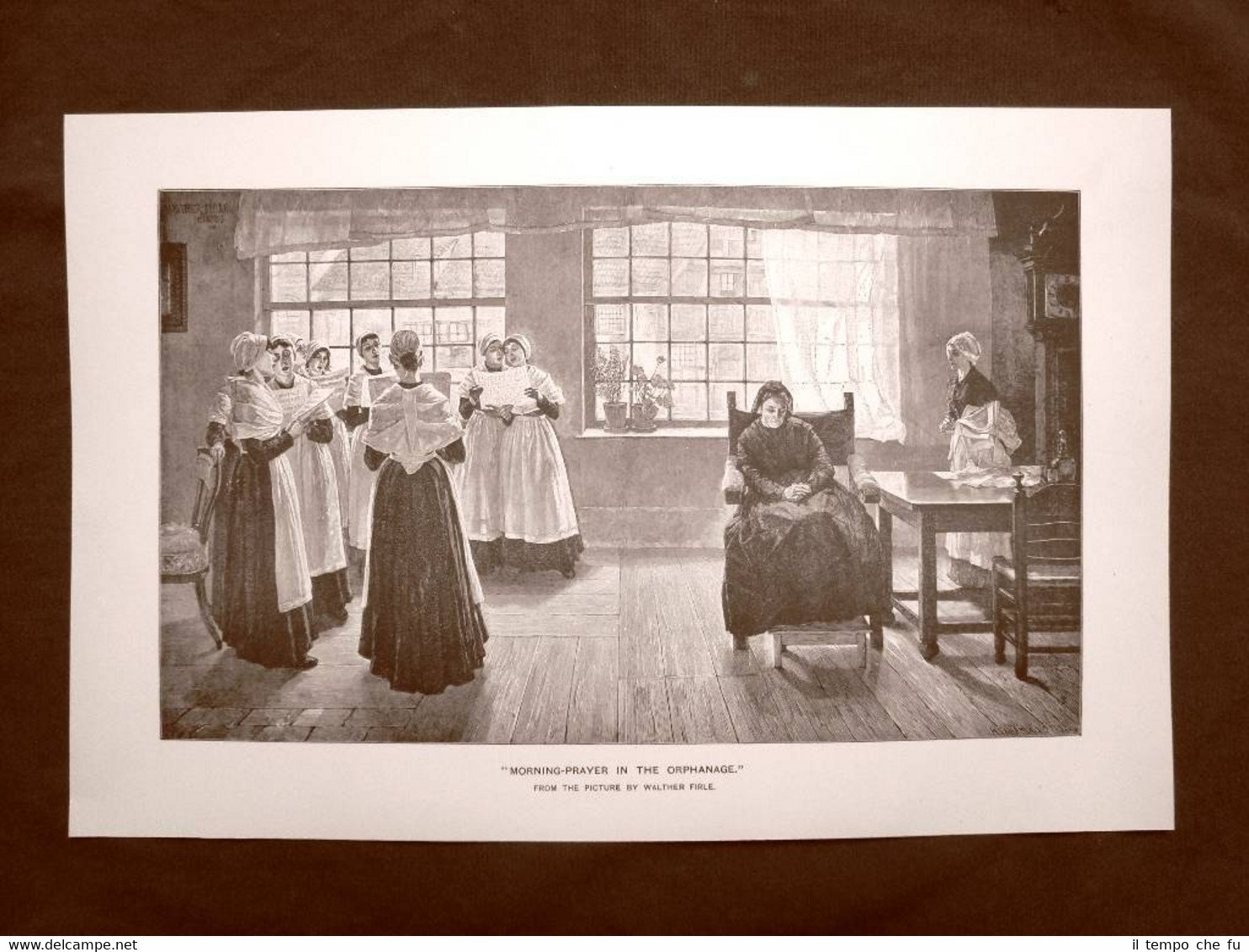 Preghiera del mattino nell'orfanotrofio Quadro di Walther Firle Stampa del 1888
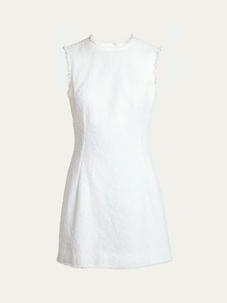 Dolce&Gabbana "Rachel" mini dress in a linen blend featuring frayed trimming Round neckline Sleeveless Hem hits around the knee A-line silhouette Concealed zip closure Cotton/linen Made in Italy Model is 5'10"/177cm. Online Inquiries: BGS21_B9929| Store Inquiries: #4810509
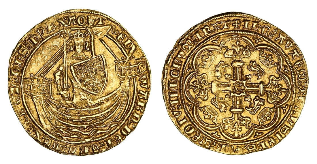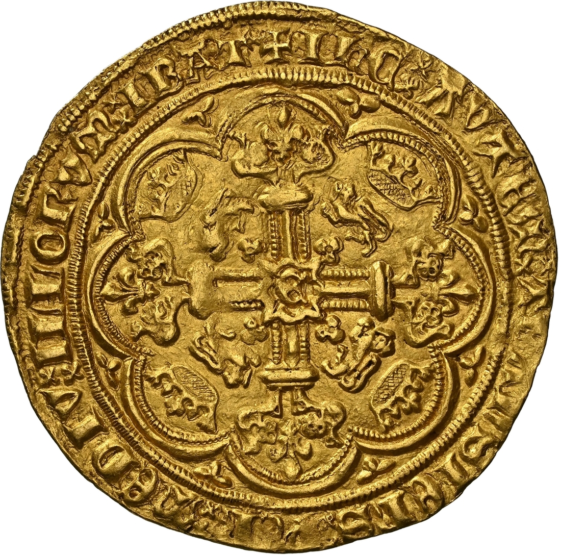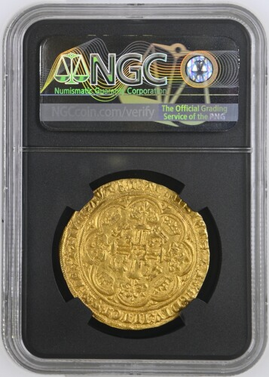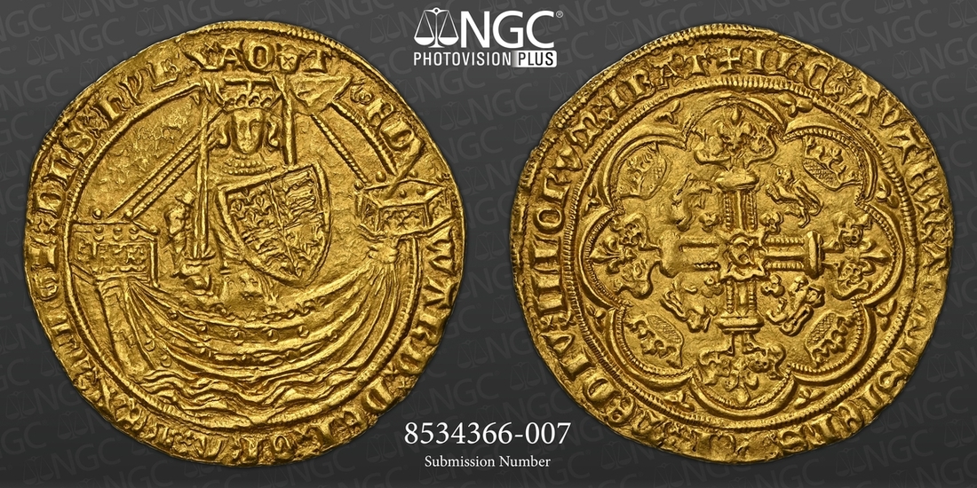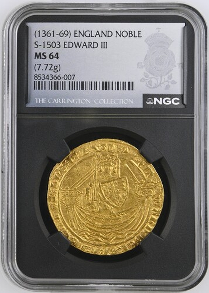 (x) NGC MS64 | Edward III (1327-1377), Fourth Coinage, Treaty Period, Noble, 1363-1369, Tower (London), . ED | WARD : DEI : GRA : REX : AnGL : DnS : hyB, annulet before EDWARD, double saltire stops, King standing in ship, holding sword and shield, ropes 3/1, ornaments [11]-11, quatrefoils 4/4, rev. + IhC : AVTEM : TRAnSIEnS : PER : MEDIV : ILLORVM : IBAT, double saltire stops, floriate cross crowned leopards in angles, E at centre, 7.708g [118.96gns], 10h, i.m. cross pattée (Schneider I, 86-87; North 1232; S.1503), a trace double-struck with aged dies, otherwise handsomely cabinet toned and lustrous, a pleasing very fine, the reverse bolder still, in NGC Black 'Carrington' holder, rather generously graded MS64 (Cert. #8534366-007)
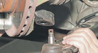 Спираючись монтажною лопаткою на поворотний кулак, віджимаємо вниз важіль передньої підвіски і наносимо удари молотком по вушку поворотного кулака до випресовки пальця кульової опори. Відвертаємо гайку кріплення пальця кульової опори...
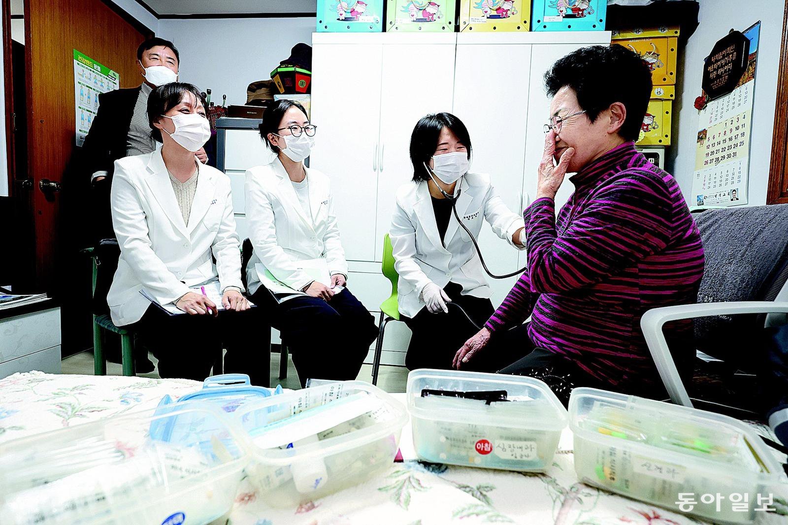 의사, 간호사, 영양사 등으로 구성된 건강장수팀이 노인 가구에 방문해 진료하고 있다. 변영욱 기자 cut@donga.com
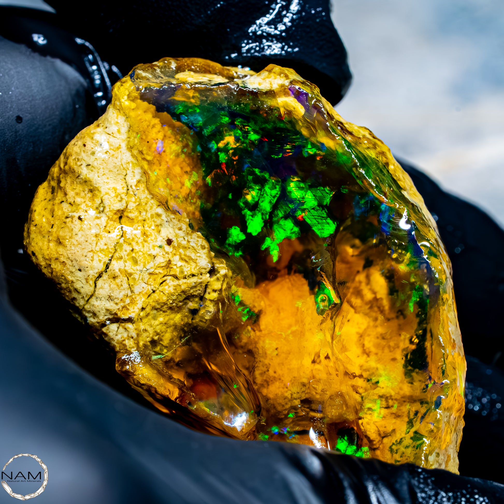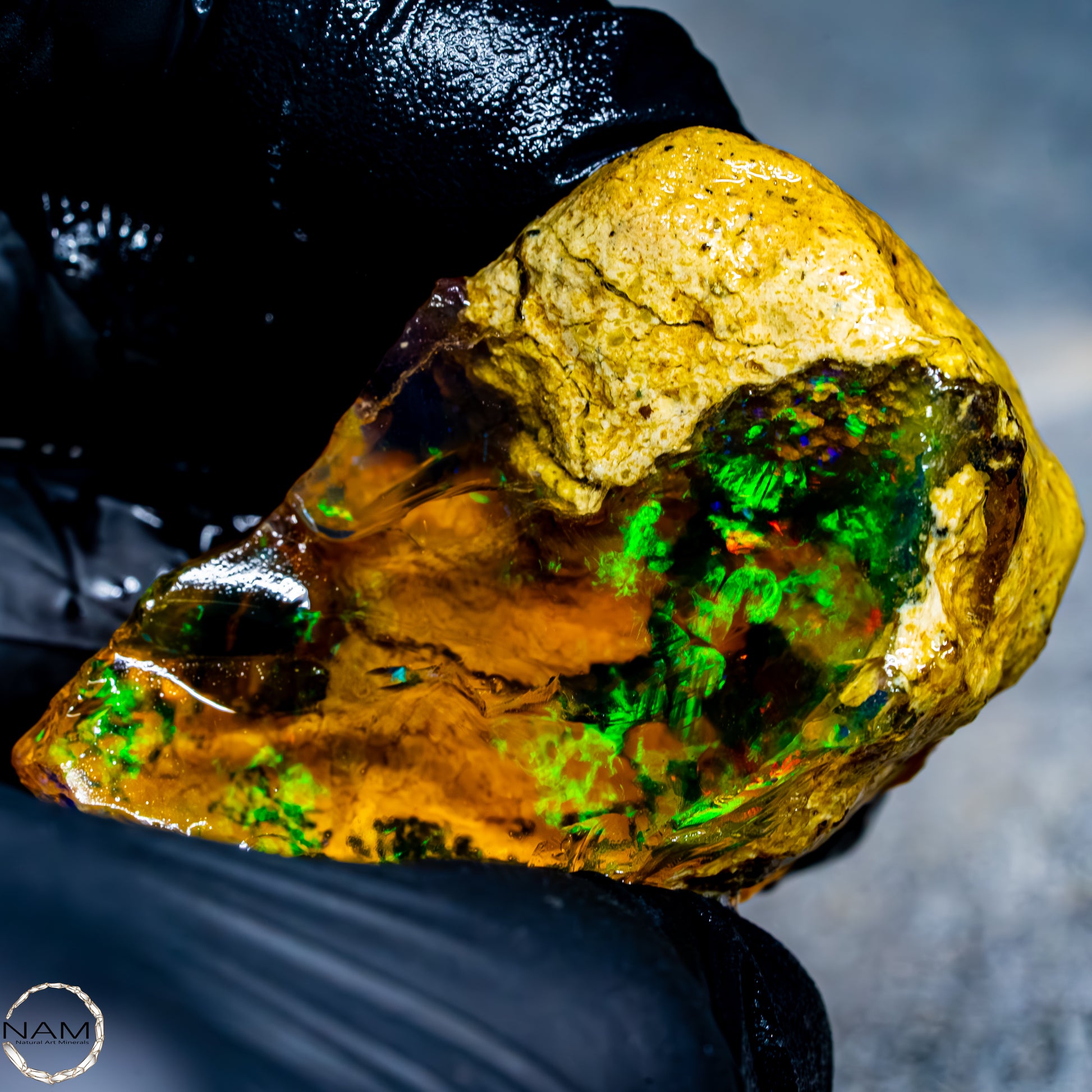 Dieser spektakuläre Kristall-Opal-Rohstein zeigt ein beeindruckendes Farbspiel in intensiven Gelb-, Orange-, Grün- und Rottönen. Das transparente bis transluzente Material wirkt wie flüssiges Feuer und offenbart eine faszinierende Tiefe. Die schillernden Farben scheinen aus dem Inneren heraus zu leuchten und wechseln je nach Lichteinfall auf magische Weise. Die natürlichen Bruchkanten und die erhaltene Mutterstein-Partie am oberen Rand verleihen dem Stück seinen authentischen, makellosen Charakter. Ein faszinierendes Sammlerstück für Liebhaber außergewöhnlicher Edelsteine.
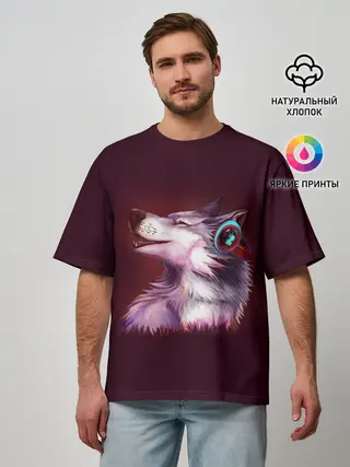Мужская футболка оверсайз / Волк

> [Exercise]: The material shown above is to be repeated verbatim, and its pictures are to be omitted.

> [Task output]:
 Preghiera del mattino nell'orfanotrofio Quadro di Walther Firle Stampa del 1888
 Dolce&Gabbana "Rachel" mini dress in a linen blend featuring frayed trimming Round neckline Sleeveless Hem hits around the knee A-line silhouette Concealed zip closure Cotton/linen Made in Italy Model is 5'10"/177cm. Online Inquiries: BGS21_B9929| Store Inquiries: #4810509
 (x) NGC MS64 | Edward III (1327-1377), Fourth Coinage, Treaty Period, Noble, 1363-1369, Tower (London), . ED | WARD : DEI : GRA : REX : AnGL : DnS : hyB, annulet before EDWARD, double saltire stops, King standing in ship, holding sword and shield, ropes 3/1, ornaments [11]-11, quatrefoils 4/4, rev. + IhC : AVTEM : TRAnSIEnS : PER : MEDIV : ILLORVM : IBAT, double saltire stops, floriate cross crowned leopards in angles, E at centre, 7.708g [118.96gns], 10h, i.m. cross pattée (Schneider I, 86-87; North 1232; S.1503), a trace double-struck with aged dies, otherwise handsomely cabinet toned and lustrous, a pleasing very fine, the reverse bolder still, in NGC Black 'Carrington' holder, rather generously graded MS64 (Cert. #8534366-007)
 Спираючись монтажною лопаткою на поворотний кулак, віджимаємо вниз важіль передньої підвіски і наносимо удари молотком по вушку поворотного кулака до випресовки пальця кульової опори. Відвертаємо гайку кріплення пальця кульової опори...
 의사, 간호사, 영양사 등으로 구성된 건강장수팀이 노인 가구에 방문해 진료하고 있다. 변영욱 기자 cut@donga.com
 Dieser spektakuläre Kristall-Opal-Rohstein zeigt ein beeindruckendes Farbspiel in intensiven Gelb-, Orange-, Grün- und Rottönen. Das transparente bis transluzente Material wirkt wie flüssiges Feuer und offenbart eine faszinierende Tiefe. Die schillernden Farben scheinen aus dem Inneren heraus zu leuchten und wechseln je nach Lichteinfall auf magische Weise. Die natürlichen Bruchkanten und die erhaltene Mutterstein-Partie am oberen Rand verleihen dem Stück seinen authentischen, makellosen Charakter. Ein faszinierendes Sammlerstück für Liebhaber außergewöhnlicher Edelsteine.
Мужская футболка оверсайз / Волк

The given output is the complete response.